Bill Bland

from Wikipedia, the free encyclopedia

Bill Bland (born April 28, 1916 in Ashton-under-Lyne in Lancashire , † March 13, 2001 ) was a British Marxist-Leninist and optician , who was considered a worldwide leader of a communist current, which is in the clashes of different currents within the communist movement in the late 1960s appealed to the Albanian party leader Enver Hoxha . Before he became the leader of this little "anti-revisionist" current, Bland was a member of the Communist Parties of New Zealand and Britain . In 1965 he was a co-founder of the later Communist League of Great Britain .
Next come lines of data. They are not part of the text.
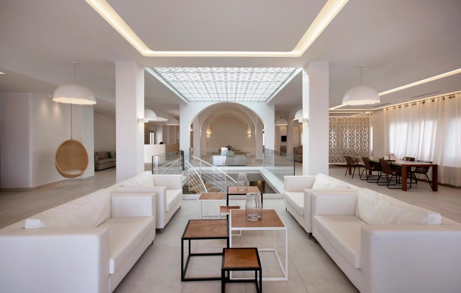 Aqua Blue Beach Hotel е разположен на плажа Периса и разполага с частен плаж с шезлонги и чадъри. Фира, оживената столица на Санторини, се намира на 15 км, а летище Санторини и пристанището са на 20 минути с автомобил. В близост до хотела има условия за водни спортове. Наблизо има и ресторанти, както и други възможности за развлечения.
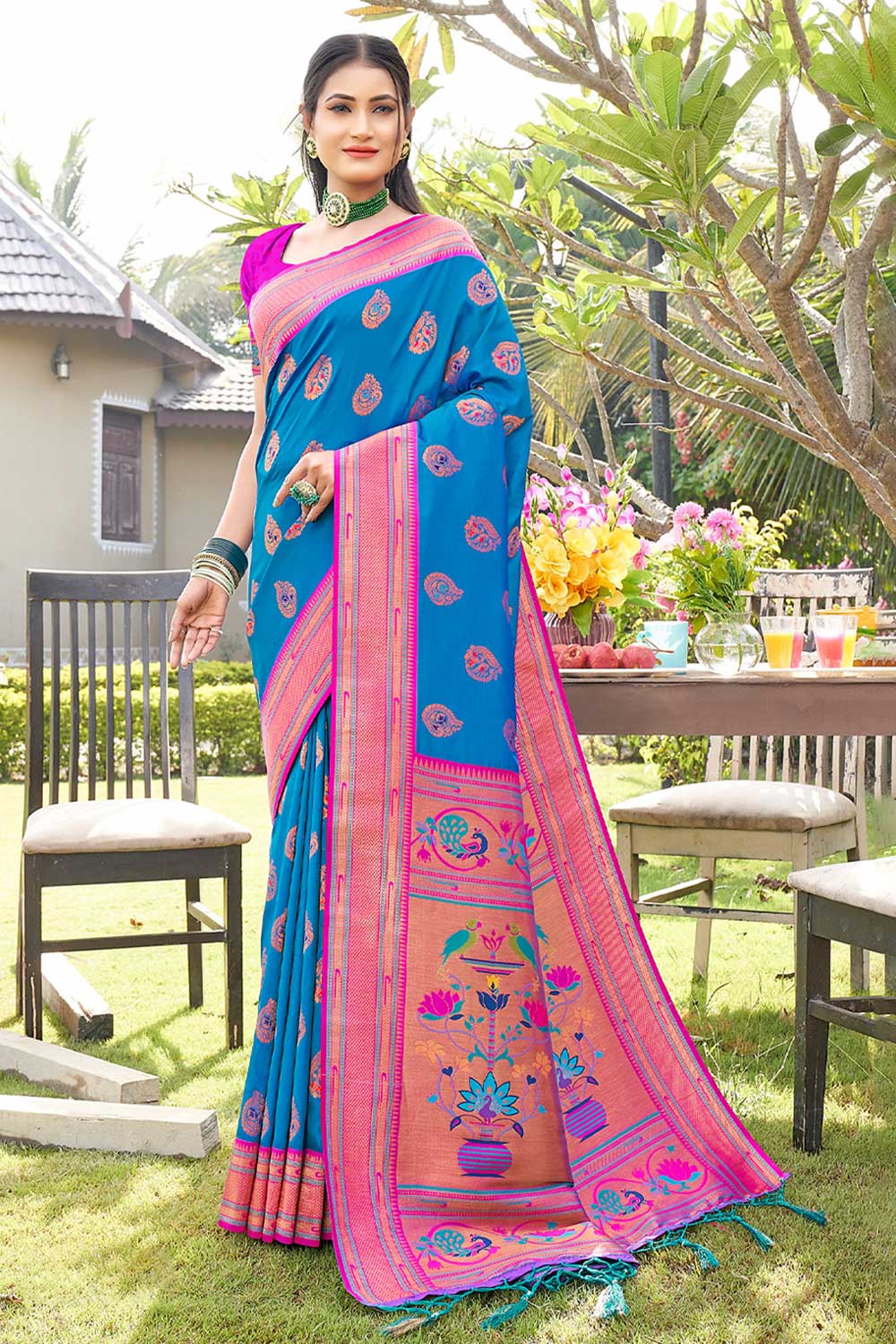 Buy Belisse Blue Paithani Art Silk One Minute Saree Online - One Minute Saree
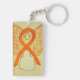 The guardian angel keychain features the art of a orange awareness ribbon angel painting. The orange awareness angel ribbon art keychain can be customised with personalised messages to make great cause keychains for fundraisers, awareness gifts, or other special events or occasions.
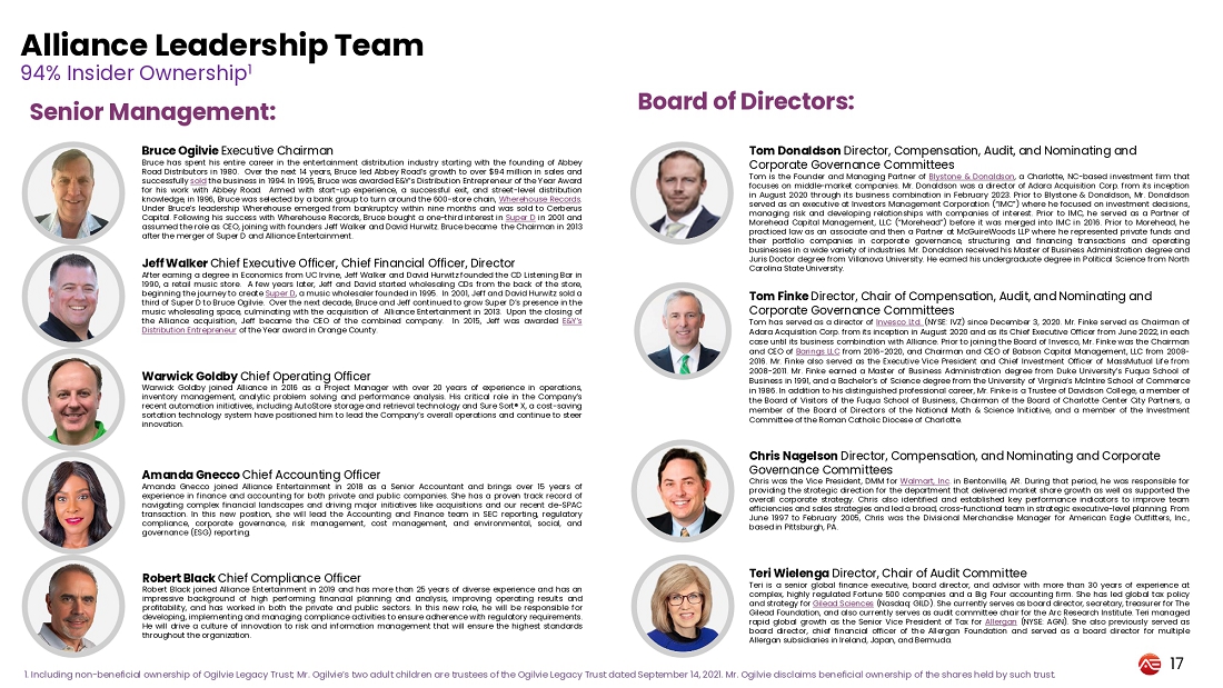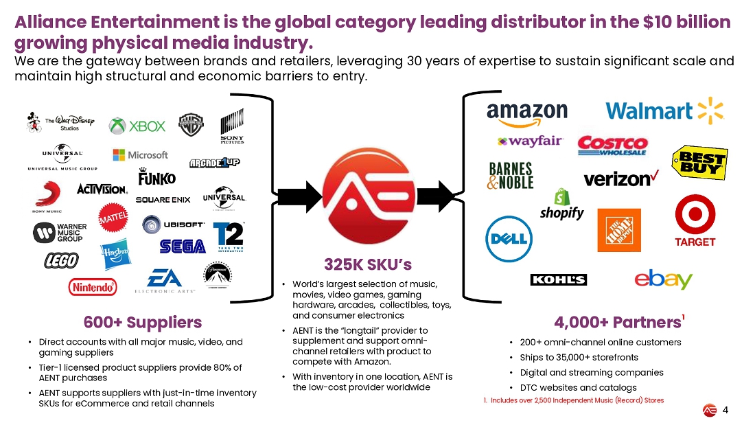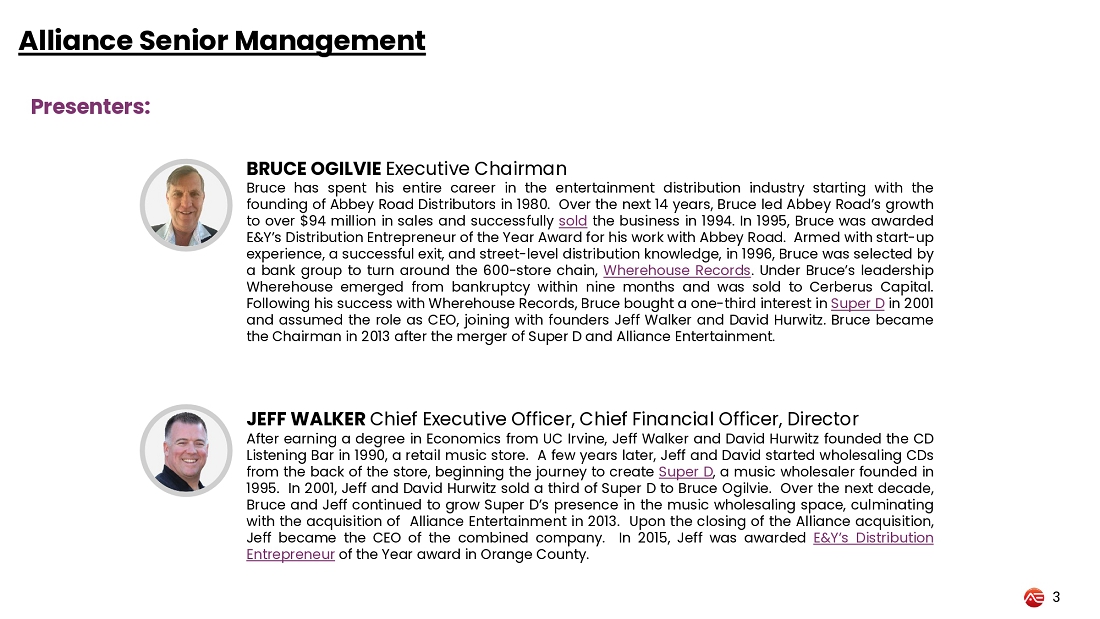 Alliance Entertainment Executive Chairman Bruce Ogilvie and CEO and CFO Jeff Walker will host the conference call, which will be followed by a question-and-answer session. A presentation will accompany the call and can be viewed during the webcast or accessed via the investor relations section of the Company’s website here.
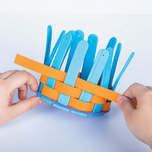 學習編織技巧。每套包括已啤彩虹膠籃底、彩虹膠條、繩子、眼睛、兒童塑膠針。
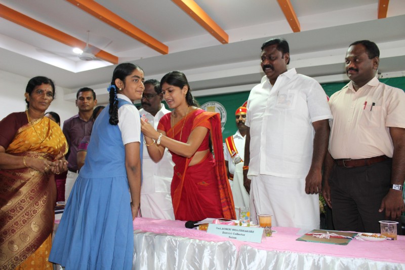 Our Students Sainee C of Class VIII A & Megha V of Class VIII B participated in the Salem Thangamagal Award Competition and received prizes from our District Collector Mrs. Rohini Bhajibhakare,I.A.S.
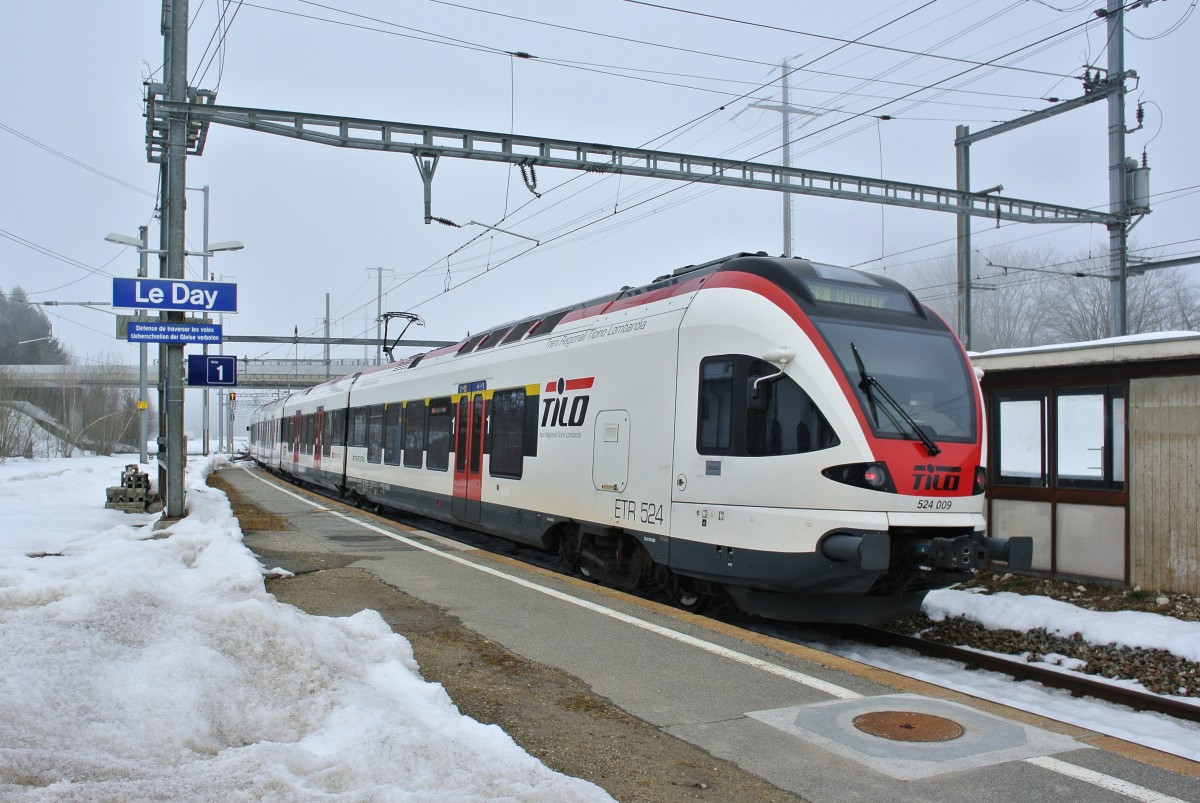 Einst für TILO für den Grenzüberschreitenden Verkehr Schweiz/Italien beschafft verkehrten 3 Züge Jahrelang auf der (ehemaligen) Gleichstromstrecke Genf-La Plaine. Für diesen Einsatz wurden die Züge optisch angepasst und mit dem Unireso Logo versehen. Der Einsatz in der Westschweiz ist nun zu Ende, die Strecke wurde um elektrifiziert, es wurden neure Flirts RABe 522 der Region Basel übernommen. RABe 524 009 im Bild wurde nun wieder mit TILO Anschriften versehen, im Inneren wurden bereits Werbungen auf italienisch und das Streckennetz der S-Bahn Tessin aufgehängt. Aktuell verkehrt der Flirt noch in der Westschweiz und wird vom Depot Standort Lausanne aus eingesetzt, heute verkehrte er u. a. zwischen Lausanne und Vallorbe, hier als S 2 12236 bei Ausfahrt in Le Day, 17.02.2015.
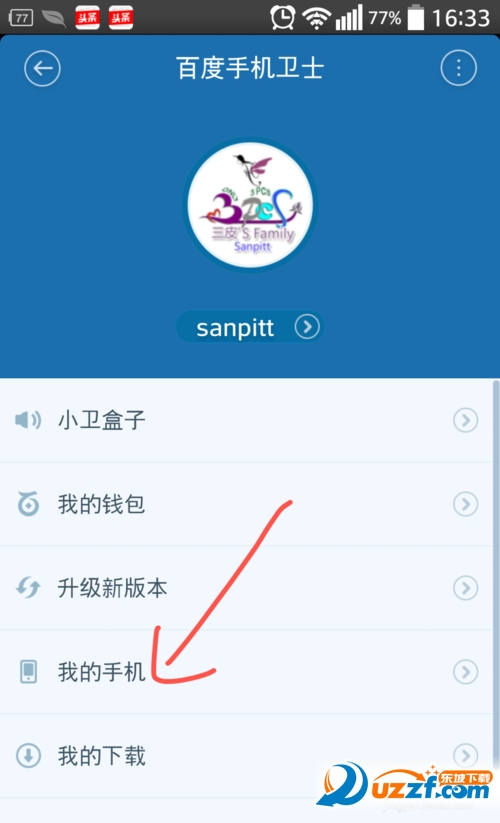 打开百度手机卫士,在主界面,点击右上角的头像图标。

Bland claimed that in the Soviet Union was after the death of Josef Stalin a form of capitalism has been restored (with pseudo-communist masking), what he in his extensive work The restoration of capitalism in the Soviet Union tried to describe in detail; He saw Mao Zedong as a “left deviator”, while he described Hoxha as a true Marxist-Leninist in the tradition of Karl Marx , Friedrich Engels , Vladimir Ilyich Lenin and Stalin. Bland's position on the Soviet Union ( restoration of capitalism ) was predominant in the neo-Stalinist K groups in Europe; the one about Mao was problematic in the 60s, as Hoxha was still supporting Mao at the time. He was finally strengthened in his position on the People's Republic of China by the Sino- Albanian break in 1978.

He was one of the founders of the Albania Society and became its managing director three years after it was founded, a post he held there for almost thirty years until the fall of the communist regime in the early 1990s. He was editor of the journal of the Albania Society , "Albanian Life" . Bland was also one of the founding members of the Stalin Society in Great Britain.